Тревелер прислонил гитару к цветочному горшку, глотнул мате и почувствовал, что ночь предстоит тяжелая. Лучше бы уж работать или заболеть – и то бы отвлекся. Он налил себе рюмку каньи и выпил залпом, глядя на дона Креспо, который, вдвинув очки на кончик носа, в последней надежде продирался через предисловие к трагедии. Оливейра, проиграв восемьдесят сентаво, подсел к Тревелеру и тоже налил себе рюмку.

– Мир полон чудес, – сказал Тревелер тихо. – Тут через минуту разразится битва при Акциуме, если, конечно, у старика хватит терпения добраться до этого места. А рядом две ненормальные насмерть сражаются за фасолины.

– Чем не занятие, – сказал Оливейра. – Ты задумывался когда-нибудь над этим словом? Быть занятым, иметь занятие. Просто мороз по коже, че. Однако, не ударяясь в метафизику, скажу одно: мое занятие в цирке – чистое мошенничество. Я зарабатываю там свои песо, ровным счетом ничего не делая.

– Подожди, вот начнутся выступления в Сан-Исидро, там будет потруднее. В Вилья-дель-Парке у нас все проблемы уже решены, во всяком случае, налажены все контакты, что всегда больше всего беспокоит директора. А там придется начинать с новыми людьми, и у тебя будет достаточно занятий, коль скоро тебе так нравится это слово.
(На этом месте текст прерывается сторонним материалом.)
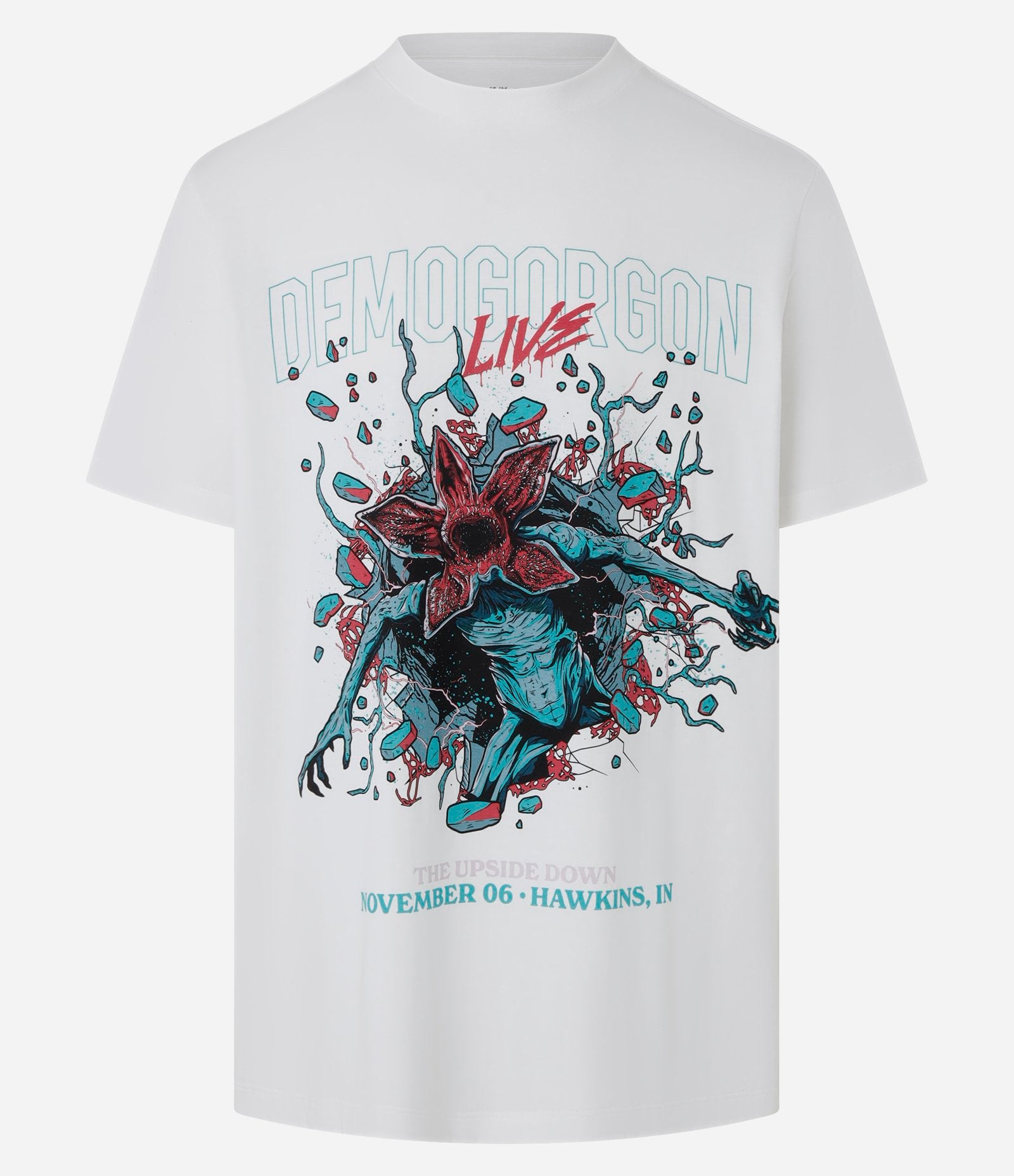 Maglietta bianca in cotone Comfort con stampa di Demogorgon Stranger Things

– Не может быть. Какая прелесть, а то я совсем расслабился. Так, значит, там придется работать?

– Первые дни, а потом все входит в свою колею. Скажи-ка, а тебе во время странствий по Европе никогда не случалось работать?
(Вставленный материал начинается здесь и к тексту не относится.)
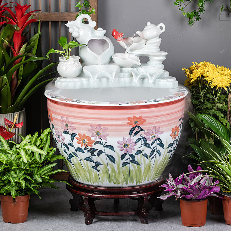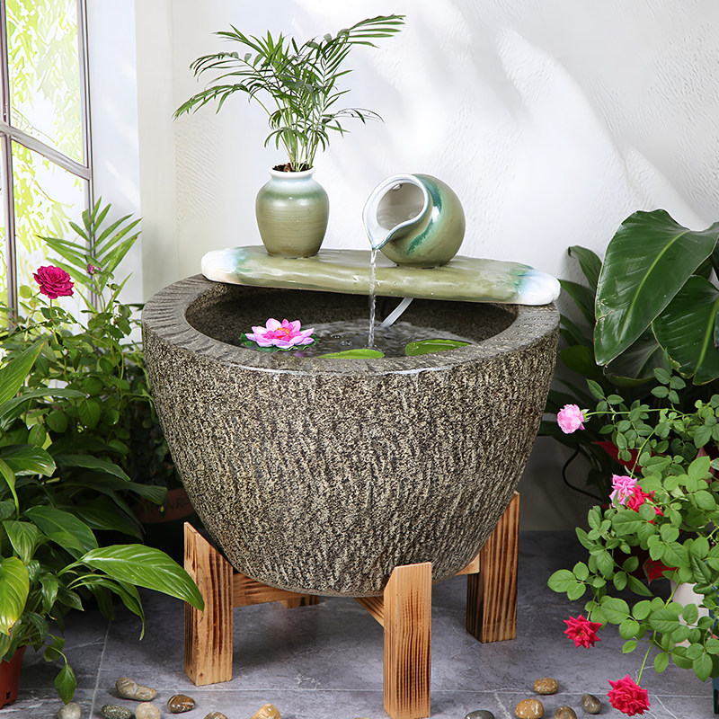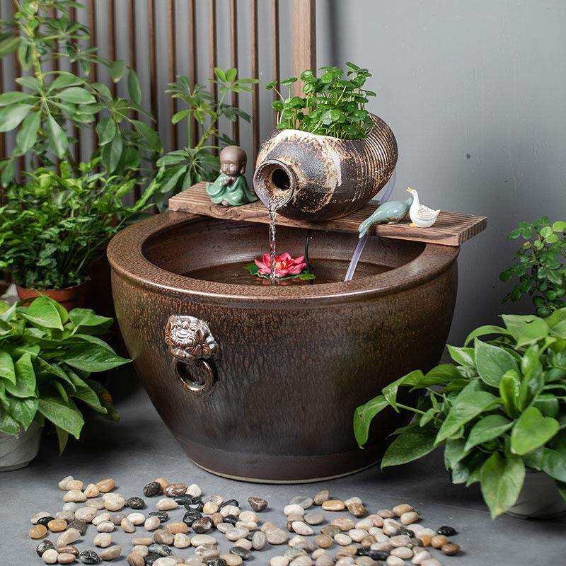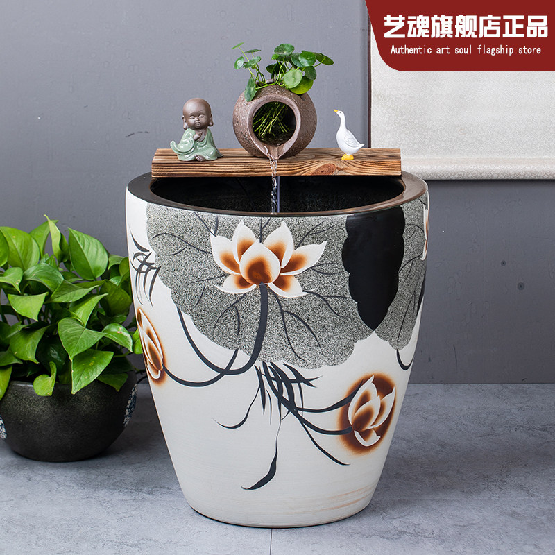 循环流水喷泉过滤陶瓷古法养鱼缸落地水缸公司风水盆客厅增氧摆件

– Самую малость и в силу необходимости, – сказал Оливейра. – Был подпольным счетоводом. У старика Труя – ну и персонаж, просто для Селина. Надо бы рассказать тебе, если бы стоило, но, пожалуй, не стоит.

– Я бы с удовольствием послушал, – сказал Тревелер.

– Знаешь, все как будто в воздухе повисло. Что бы я тебе ни рассказал, будет не более чем кусочком коврового узора. Не хватает склеивающего начала, назовем его так: оп-ля! – и все ложится точно по местам, а у тебя на глазах возникает чудесный кристалл со всеми его гранями. Беда лишь, – сказал Оливейра, разглядывая ногти, – что, быть может, все давно склеилось, а я этого до сих пор не понимаю, безнадежно отстал, как, знаешь, бывают старики: ты им говоришь про кибернетику, они тебе кивают головой, а сами думают, что подошло время, пожалуй, супчик вермишелевый съесть.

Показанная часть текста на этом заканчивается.